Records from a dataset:
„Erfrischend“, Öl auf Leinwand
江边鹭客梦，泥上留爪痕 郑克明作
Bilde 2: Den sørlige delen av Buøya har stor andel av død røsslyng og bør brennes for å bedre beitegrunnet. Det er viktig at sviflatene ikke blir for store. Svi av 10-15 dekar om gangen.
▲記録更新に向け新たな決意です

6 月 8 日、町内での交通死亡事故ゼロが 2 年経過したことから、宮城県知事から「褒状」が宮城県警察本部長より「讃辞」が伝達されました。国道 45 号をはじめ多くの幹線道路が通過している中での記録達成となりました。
...
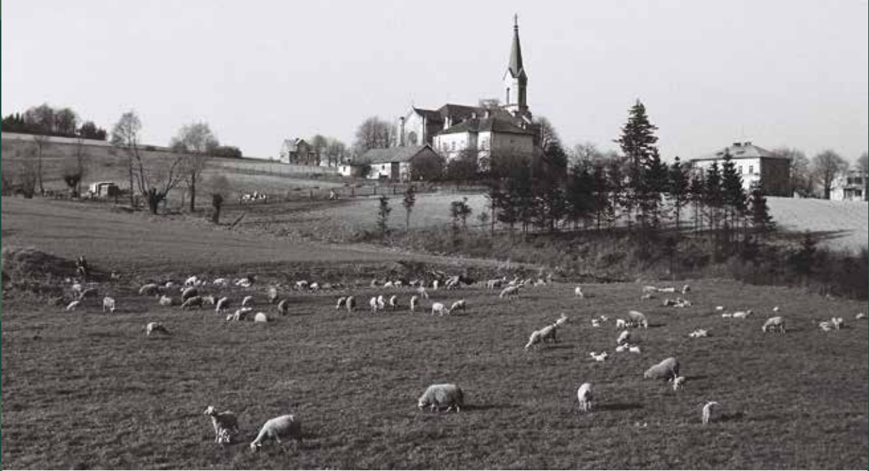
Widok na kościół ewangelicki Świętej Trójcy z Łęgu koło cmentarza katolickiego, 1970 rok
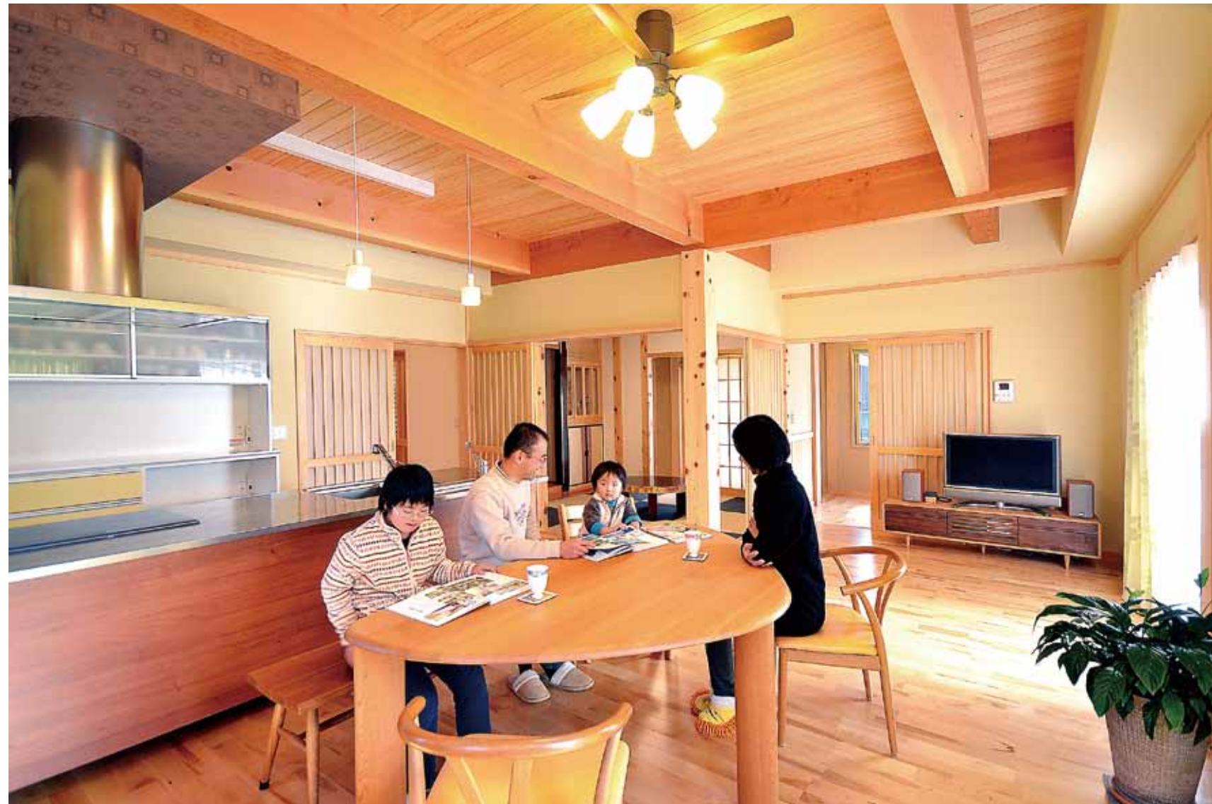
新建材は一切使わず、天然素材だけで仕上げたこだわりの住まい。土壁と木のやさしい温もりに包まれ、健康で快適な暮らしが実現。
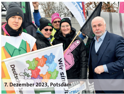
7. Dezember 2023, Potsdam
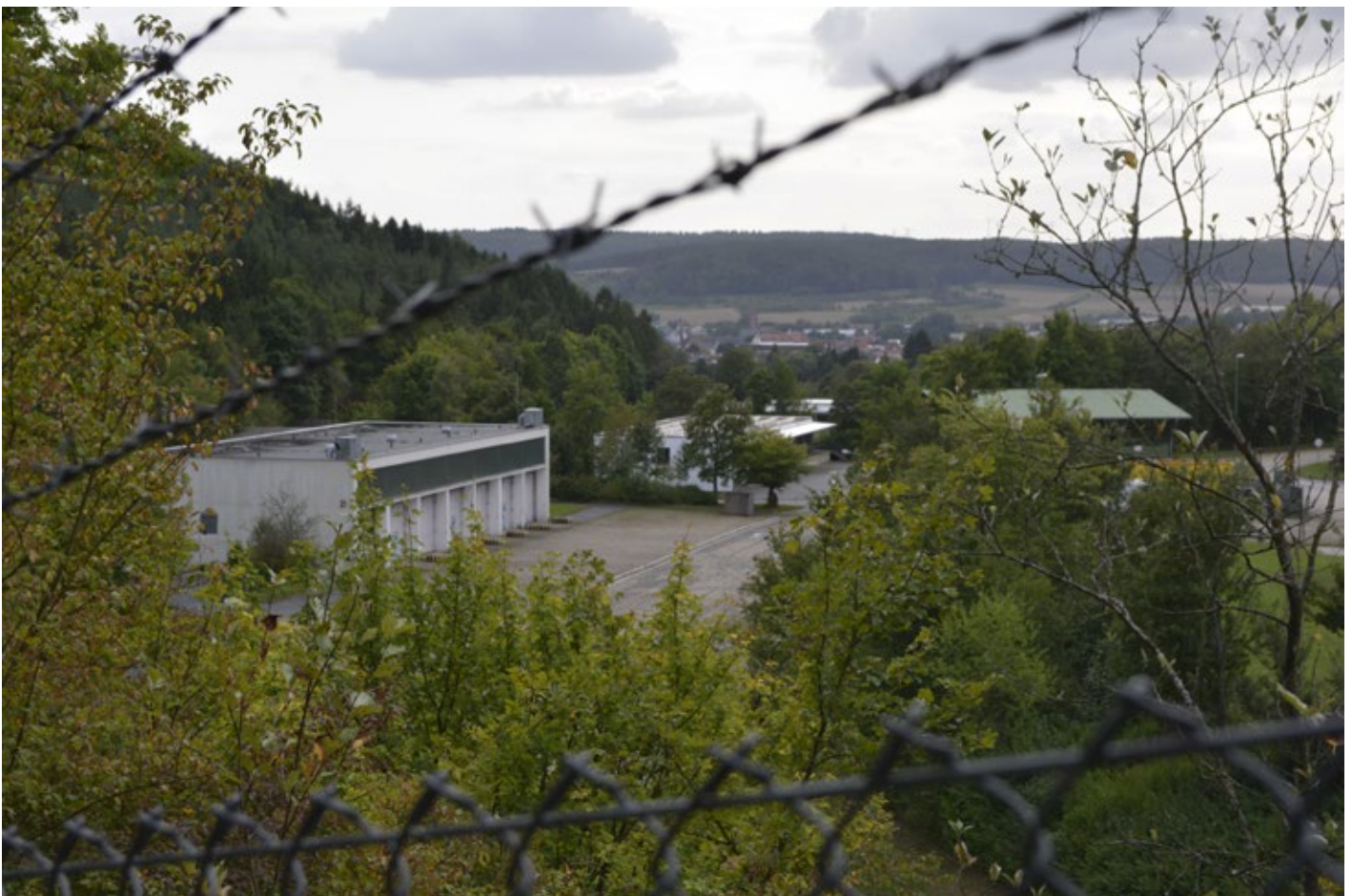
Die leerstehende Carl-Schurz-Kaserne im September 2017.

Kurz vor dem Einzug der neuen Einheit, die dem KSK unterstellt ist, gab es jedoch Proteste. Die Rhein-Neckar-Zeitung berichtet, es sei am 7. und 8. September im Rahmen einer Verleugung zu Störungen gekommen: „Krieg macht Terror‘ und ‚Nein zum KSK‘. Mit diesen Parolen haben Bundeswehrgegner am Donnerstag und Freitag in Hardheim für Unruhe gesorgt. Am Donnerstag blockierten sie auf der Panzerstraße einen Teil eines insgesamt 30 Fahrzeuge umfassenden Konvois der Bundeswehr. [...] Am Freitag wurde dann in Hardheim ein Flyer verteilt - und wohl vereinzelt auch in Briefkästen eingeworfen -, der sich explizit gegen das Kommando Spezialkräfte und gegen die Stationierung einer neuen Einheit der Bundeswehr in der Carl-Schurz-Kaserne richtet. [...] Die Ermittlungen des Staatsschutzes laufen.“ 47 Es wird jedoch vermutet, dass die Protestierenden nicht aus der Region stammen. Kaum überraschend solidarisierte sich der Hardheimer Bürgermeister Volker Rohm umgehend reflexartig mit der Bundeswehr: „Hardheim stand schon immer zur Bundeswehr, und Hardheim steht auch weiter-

**Your objective**: The answer must be the part of the records that opens with the line containing "Widok na kościół" and closes with the line containing "Die leerstehende Carl-Schurz-Kaserne", reproduced exactly, with no pictures.

**Result of this exercise**:
Widok na kościół ewangelicki Świętej Trójcy z Łęgu koło cmentarza katolickiego, 1970 rok
新建材は一切使わず、天然素材だけで仕上げたこだわりの住まい。土壁と木のやさしい温もりに包まれ、健康で快適な暮らしが実現。
7. Dezember 2023, Potsdam
Die leerstehende Carl-Schurz-Kaserne im September 2017.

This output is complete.